» EXERCISE PROMPT:
Reproduce all of the entries character for character, while leaving out any pictures they contain.

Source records
::::::

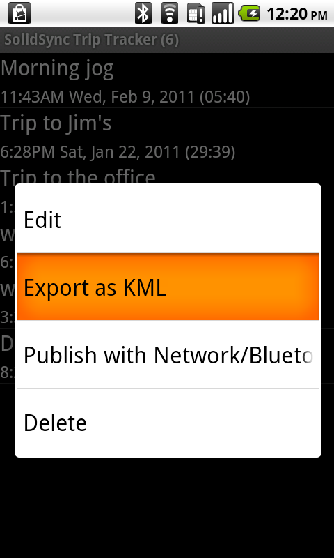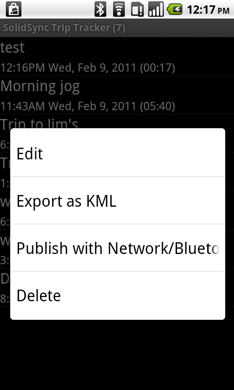 Tap and hold on a trip to open the context menu for that trip: this provides a series of options as shown in Figure 28 below.
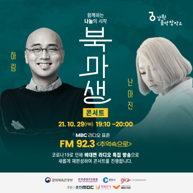 강원음악창작소가 오는 29일 금요일 오후 7시 10분 MBC 라디오(FM92.3)를 통해‘북‧마‧생 나눔콘서트’를 개최한다.
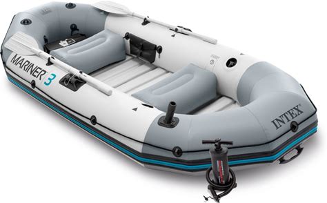 INTEX 68373EP Mariner 3 Inflatable Boat Set: Includes Deluxe 54in Boat Oars And High-Output Pump - Wear-Resistant Keel - Removable Fishing Rod Holders
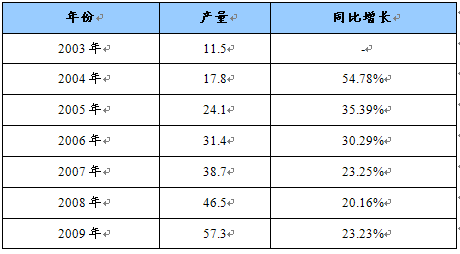 2003-2009年我国磷酸二氢钾产量及其增长
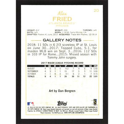 This is a 2018 Topps Gallery Max Fried baseball card. The card is #20 and pictures show condition.
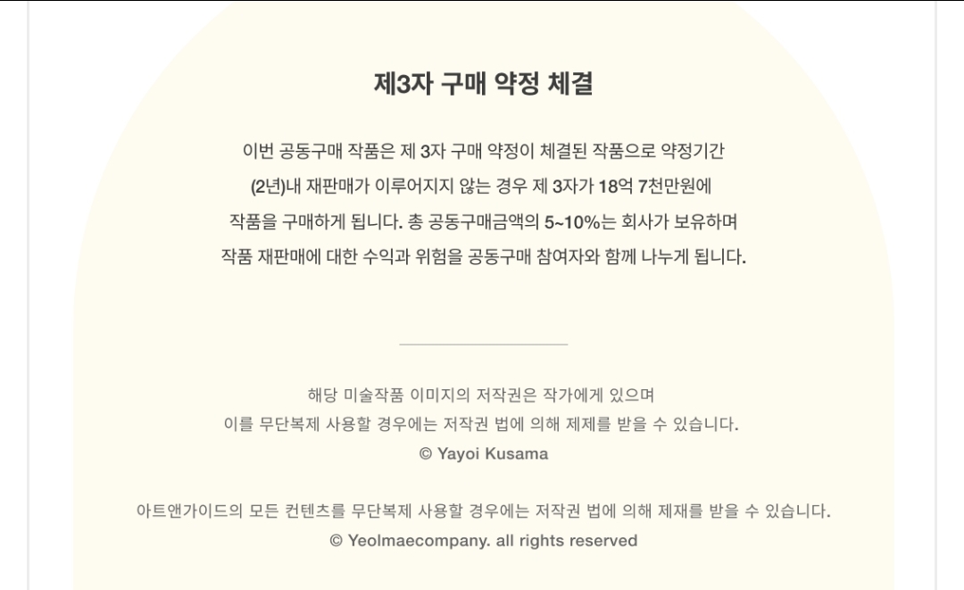 'Nets' 작품의 경우 제 3자 구매 약정이 체결되어 있어 2년내 재판매가 이루어지지 않으면 제3자가 18억 7천만원에 작품을 구매할 예정입니다.
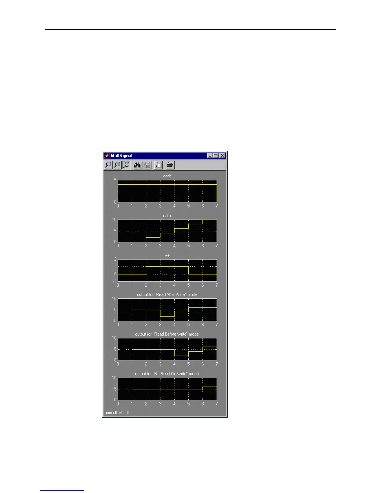 memory has been set to an initial value of 5 and the address bit is specified as 4. When
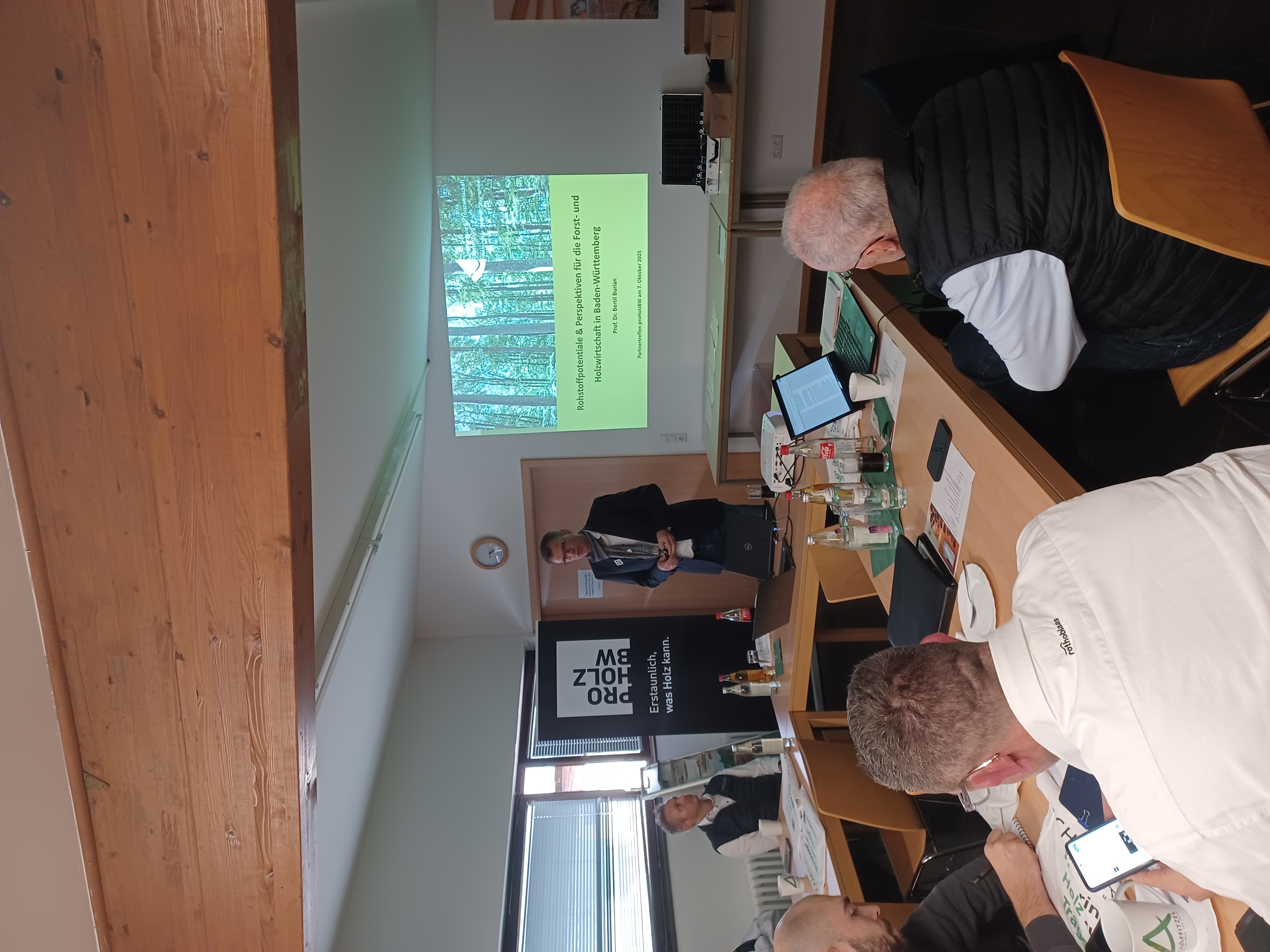Prof. Bertial Burian von der Hochschule Rottenburg präsentierte neueste Forschung und Fakten zu Rohstoffpotentialen und Perspektiven für die Forst- und Holzwirtschaft in Baden-Württemberg. Mit Hintergrundinformationen zur Bundeswaldinventur und dem Vergleich Land-Staat stieg Burian in seine Präsentation ein. Prof. betonte vor allem die Bedeutung der Waldverjüngung: „Es gibt einen Anteil von 11,2 % Kleinprivatwald in Baden-Württemberg – ein Potential, um das wir uns kümmern müssen.“ Generell liegt das Bundesland im deutschlandweiten Vergleich vorne, was den Waldumbau und die Waldverjüngung angeht. In Baden-Württemberg wachsen pro Jahr im Durchschnitt 1,5 Vfm/ha/a mehr nach als in ganz Deutschland. Prof. Burian wies auch auf die Bedeutung der Bewirtschaftung der Wälder im Hinblick auf die CO2-Speicherung hin – wird nichts entnommen von dem nachwachsenden Holz, entsteht zu viel Totholz, wie zum Beispiel im Nationalpark Nordschwarzwald, und der Wald wird zur gerne zitierten „CO2-Schleuder“. Prof. Burian beantwortete auch die große Frage nach der Holzverfügbarkeit – denn es ist ausreichend Holz für die wirtschaftliche Verwendung vorhanden – es gibt sowohl genug Vorräte, auch wächst der Wald schnell genug, um nachhaltig mehr mit Holz zu bauen. Gleichzeitig hat sich die Zusammensetzung der Wälder verändert: Während in Baden-Württemberg 50 % des Holzvorrats auf Fichte und Tanne entfallen, sind dies deutschlandweit Fichte und Kiefer. Das zukünftige Rohholzpotential auf Ebene des Bundesgebiets beträgt rund 80 Milliarden Kubikmeter pro Jahr, davon entfallen 41 % auf die Fichte und 30 % des Rohholzpotentials auf die Buche. Das heisst auch, dass eine weitere Steigerung der Holzbau-Quote möglich ist.
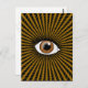 illustration of brown eye with dark golden sun rays beaming straight out and in swirl pattern against a black background. Talisman for self-hypnosis.
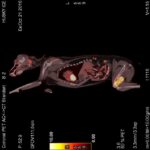 During clinical examination, a 6 year old, female Husky was determined to have a subcuteanous mass infiltrated in the muscle in the lumbo-dorsal region. Mass proved to be a malignant neoplasm in the fine needle aspiration biopsy. Cutaneous mass on the lumbo-dorsal region and the mass on the hind leg distal was operated on and sent for pathological examination. In addition to routine H&E staining, lumbal mass was applied CD79a (Biocare Medical, HM47/A9), CD3 (Syctek, PS1) and Ki-67 (Dako MIB-1) antibodies and immunohistochemical staining with streptavidin-biotin peroxidase method. Patient was dignosed with B cell lymphoma. 10 days after the operation left hind leg was limping and in pain and FDG PET/CT imaging was used. For PET/CT 2.8 mCi F18- was injected intravenously and we waited 60 minutes for it to spread. Images were taken to cover the whole body and reconstructed in axial, sagittal and coronal planes. Distal part of the femur showed retention. In order to protect the bone tissue, 3 dimensional radiation treatment with 8Gy/1 fraction with 6MV LINAC. For the patient who showed multiple retention in PET/CT Wisconsin lymphoma protocol was applied. 2 weeks into the protocol, patient developed pancytopenia, therefore instead of multiple medications, patient was administered a less aggressive chlorambucil-prednisolone which is recommended for indolent lymphomas. Doxycycline was added to the treatment protocol because of high IgG levels and pancytopenia, considering it might be a Ehrlichiosis related lymphoma although SNAP 4Dx Plus Test result was negative.

::::::

» YOUR RESPONSE:
 Tap and hold on a trip to open the context menu for that trip: this provides a series of options as shown in Figure 28 below.
 강원음악창작소가 오는 29일 금요일 오후 7시 10분 MBC 라디오(FM92.3)를 통해‘북‧마‧생 나눔콘서트’를 개최한다.
 INTEX 68373EP Mariner 3 Inflatable Boat Set: Includes Deluxe 54in Boat Oars And High-Output Pump - Wear-Resistant Keel - Removable Fishing Rod Holders
 2003-2009年我国磷酸二氢钾产量及其增长
 This is a 2018 Topps Gallery Max Fried baseball card. The card is #20 and pictures show condition.
 'Nets' 작품의 경우 제 3자 구매 약정이 체결되어 있어 2년내 재판매가 이루어지지 않으면 제3자가 18억 7천만원에 작품을 구매할 예정입니다.
 memory has been set to an initial value of 5 and the address bit is specified as 4. When
Prof. Bertial Burian von der Hochschule Rottenburg präsentierte neueste Forschung und Fakten zu Rohstoffpotentialen und Perspektiven für die Forst- und Holzwirtschaft in Baden-Württemberg. Mit Hintergrundinformationen zur Bundeswaldinventur und dem Vergleich Land-Staat stieg Burian in seine Präsentation ein. Prof. betonte vor allem die Bedeutung der Waldverjüngung: „Es gibt einen Anteil von 11,2 % Kleinprivatwald in Baden-Württemberg – ein Potential, um das wir uns kümmern müssen.“ Generell liegt das Bundesland im deutschlandweiten Vergleich vorne, was den Waldumbau und die Waldverjüngung angeht. In Baden-Württemberg wachsen pro Jahr im Durchschnitt 1,5 Vfm/ha/a mehr nach als in ganz Deutschland. Prof. Burian wies auch auf die Bedeutung der Bewirtschaftung der Wälder im Hinblick auf die CO2-Speicherung hin – wird nichts entnommen von dem nachwachsenden Holz, entsteht zu viel Totholz, wie zum Beispiel im Nationalpark Nordschwarzwald, und der Wald wird zur gerne zitierten „CO2-Schleuder“. Prof. Burian beantwortete auch die große Frage nach der Holzverfügbarkeit – denn es ist ausreichend Holz für die wirtschaftliche Verwendung vorhanden – es gibt sowohl genug Vorräte, auch wächst der Wald schnell genug, um nachhaltig mehr mit Holz zu bauen. Gleichzeitig hat sich die Zusammensetzung der Wälder verändert: Während in Baden-Württemberg 50 % des Holzvorrats auf Fichte und Tanne entfallen, sind dies deutschlandweit Fichte und Kiefer. Das zukünftige Rohholzpotential auf Ebene des Bundesgebiets beträgt rund 80 Milliarden Kubikmeter pro Jahr, davon entfallen 41 % auf die Fichte und 30 % des Rohholzpotentials auf die Buche. Das heisst auch, dass eine weitere Steigerung der Holzbau-Quote möglich ist.
 illustration of brown eye with dark golden sun rays beaming straight out and in swirl pattern against a black background. Talisman for self-hypnosis.
 During clinical examination, a 6 year old, female Husky was determined to have a subcuteanous mass infiltrated in the muscle in the lumbo-dorsal region. Mass proved to be a malignant neoplasm in the fine needle aspiration biopsy. Cutaneous mass on the lumbo-dorsal region and the mass on the hind leg distal was operated on and sent for pathological examination. In addition to routine H&E staining, lumbal mass was applied CD79a (Biocare Medical, HM47/A9), CD3 (Syctek, PS1) and Ki-67 (Dako MIB-1) antibodies and immunohistochemical staining with streptavidin-biotin peroxidase method. Patient was dignosed with B cell lymphoma. 10 days after the operation left hind leg was limping and in pain and FDG PET/CT imaging was used. For PET/CT 2.8 mCi F18- was injected intravenously and we waited 60 minutes for it to spread. Images were taken to cover the whole body and reconstructed in axial, sagittal and coronal planes. Distal part of the femur showed retention. In order to protect the bone tissue, 3 dimensional radiation treatment with 8Gy/1 fraction with 6MV LINAC. For the patient who showed multiple retention in PET/CT Wisconsin lymphoma protocol was applied. 2 weeks into the protocol, patient developed pancytopenia, therefore instead of multiple medications, patient was administered a less aggressive chlorambucil-prednisolone which is recommended for indolent lymphomas. Doxycycline was added to the treatment protocol because of high IgG levels and pancytopenia, considering it might be a Ehrlichiosis related lymphoma although SNAP 4Dx Plus Test result was negative.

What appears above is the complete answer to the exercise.